━━━━━ ENTRIES SUPPLIED
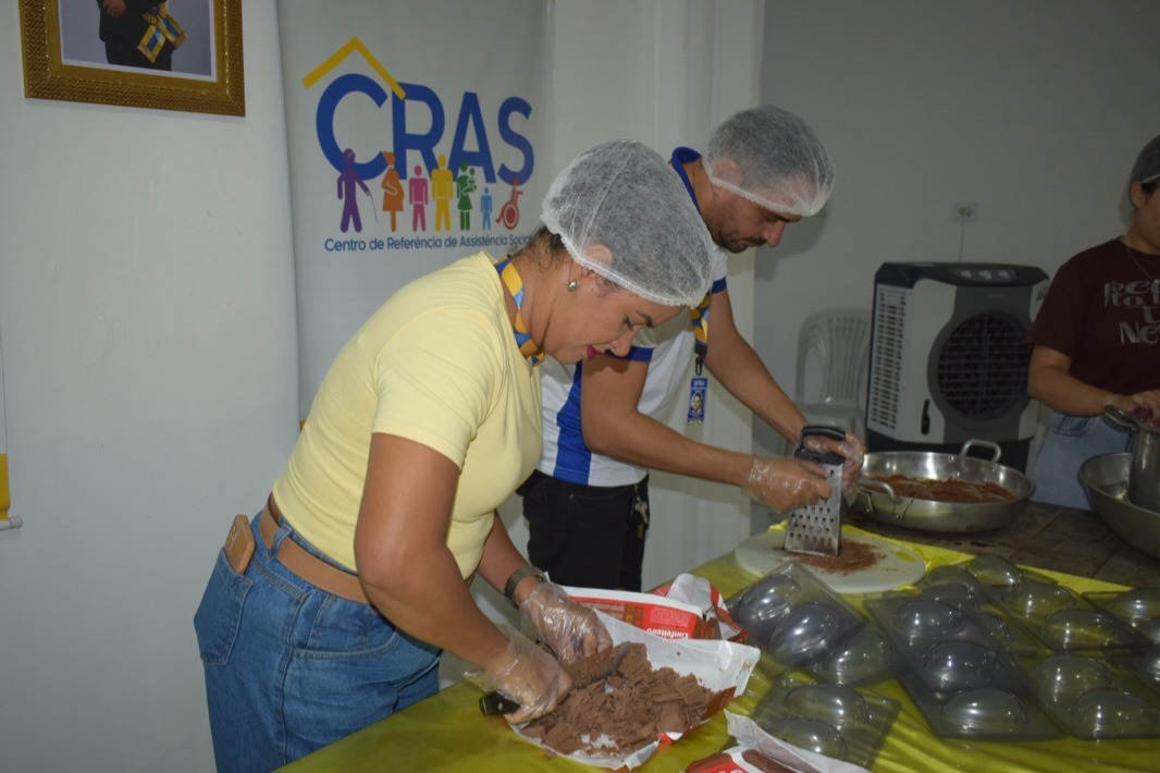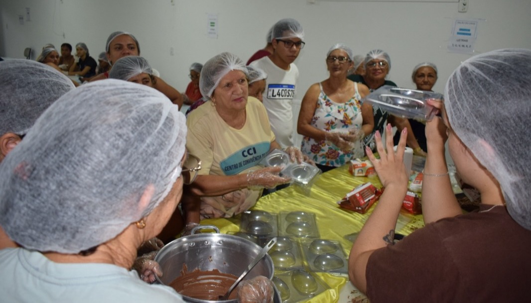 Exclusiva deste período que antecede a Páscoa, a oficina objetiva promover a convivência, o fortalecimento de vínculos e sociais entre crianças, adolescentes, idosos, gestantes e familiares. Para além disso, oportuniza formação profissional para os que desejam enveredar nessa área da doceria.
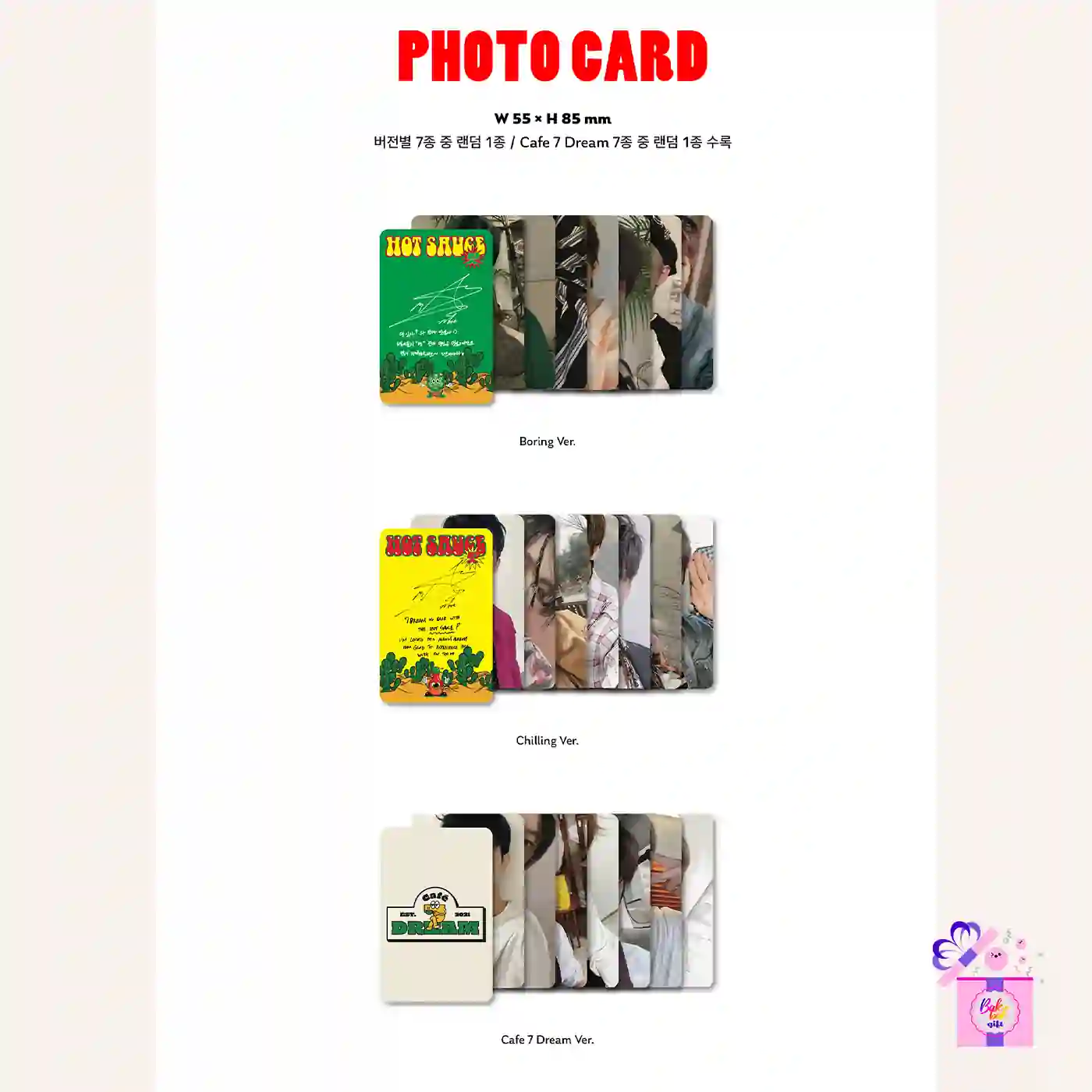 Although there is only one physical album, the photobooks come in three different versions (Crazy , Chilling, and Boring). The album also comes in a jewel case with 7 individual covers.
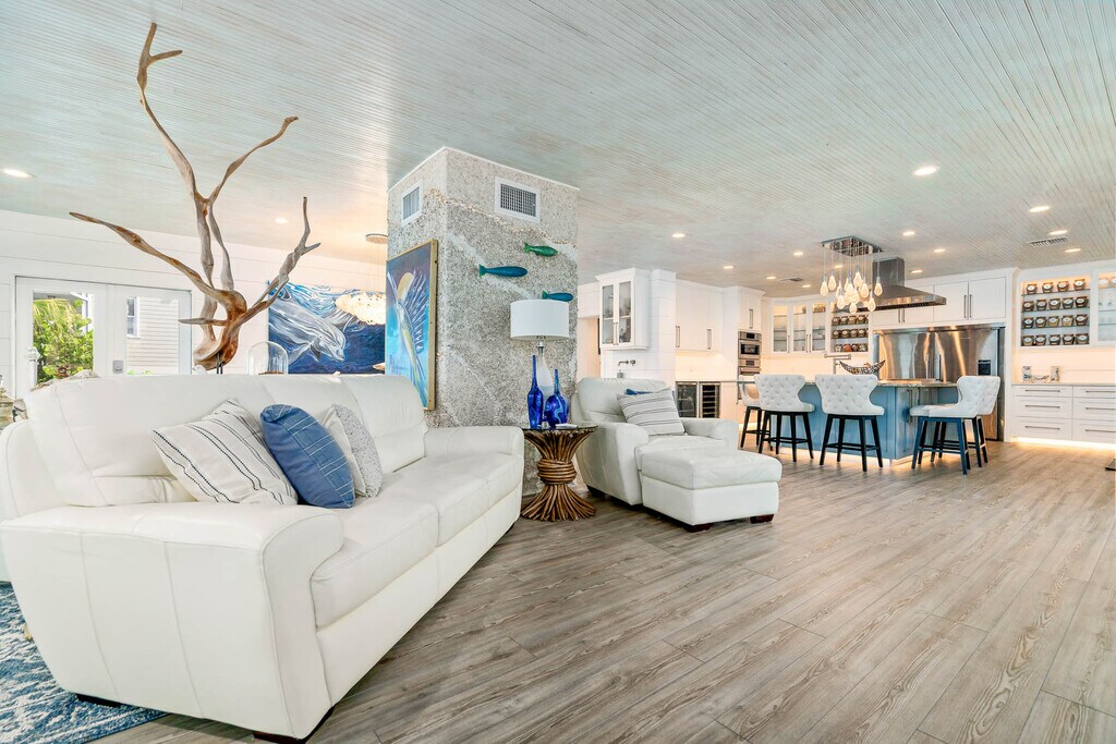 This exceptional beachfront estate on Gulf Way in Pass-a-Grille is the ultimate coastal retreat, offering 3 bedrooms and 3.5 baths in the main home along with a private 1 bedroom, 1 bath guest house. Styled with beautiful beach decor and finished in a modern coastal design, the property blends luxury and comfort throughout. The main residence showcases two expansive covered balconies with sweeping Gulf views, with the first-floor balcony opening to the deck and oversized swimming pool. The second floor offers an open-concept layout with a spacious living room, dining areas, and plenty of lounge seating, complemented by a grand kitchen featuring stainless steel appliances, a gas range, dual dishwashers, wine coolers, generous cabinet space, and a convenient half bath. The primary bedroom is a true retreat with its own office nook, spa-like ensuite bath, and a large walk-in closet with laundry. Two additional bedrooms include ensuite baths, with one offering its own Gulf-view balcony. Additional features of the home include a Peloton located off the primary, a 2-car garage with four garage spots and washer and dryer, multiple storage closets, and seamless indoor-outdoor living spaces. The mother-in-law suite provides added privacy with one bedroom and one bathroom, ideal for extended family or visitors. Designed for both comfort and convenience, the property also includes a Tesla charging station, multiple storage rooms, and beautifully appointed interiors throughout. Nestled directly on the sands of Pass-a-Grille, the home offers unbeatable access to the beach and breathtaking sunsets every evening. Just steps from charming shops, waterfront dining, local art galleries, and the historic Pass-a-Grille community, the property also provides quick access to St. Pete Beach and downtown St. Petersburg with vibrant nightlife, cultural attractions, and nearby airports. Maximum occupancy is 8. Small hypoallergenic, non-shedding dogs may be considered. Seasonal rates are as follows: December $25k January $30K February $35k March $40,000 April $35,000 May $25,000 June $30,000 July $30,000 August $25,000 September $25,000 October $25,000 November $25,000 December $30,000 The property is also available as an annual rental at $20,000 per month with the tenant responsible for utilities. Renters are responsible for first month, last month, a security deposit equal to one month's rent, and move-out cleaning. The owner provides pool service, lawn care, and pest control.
━━━━━━━━━━
━━━━━ ENTRIES SUPPLIED
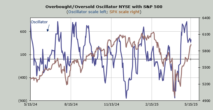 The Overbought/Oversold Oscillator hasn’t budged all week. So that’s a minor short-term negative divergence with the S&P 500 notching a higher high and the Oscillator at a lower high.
━━━━━━━━━━
Everything above from the line containing "Exclusiva deste período" down to the line containing "Although there is" is to be duplicated exactly, both lines included, and the pictures are to be omitted.

◆ YOUR RESPONSE:
 Exclusiva deste período que antecede a Páscoa, a oficina objetiva promover a convivência, o fortalecimento de vínculos e sociais entre crianças, adolescentes, idosos, gestantes e familiares. Para além disso, oportuniza formação profissional para os que desejam enveredar nessa área da doceria.
 Although there is only one physical album, the photobooks come in three different versions (Crazy , Chilling, and Boring). The album also comes in a jewel case with 7 individual covers.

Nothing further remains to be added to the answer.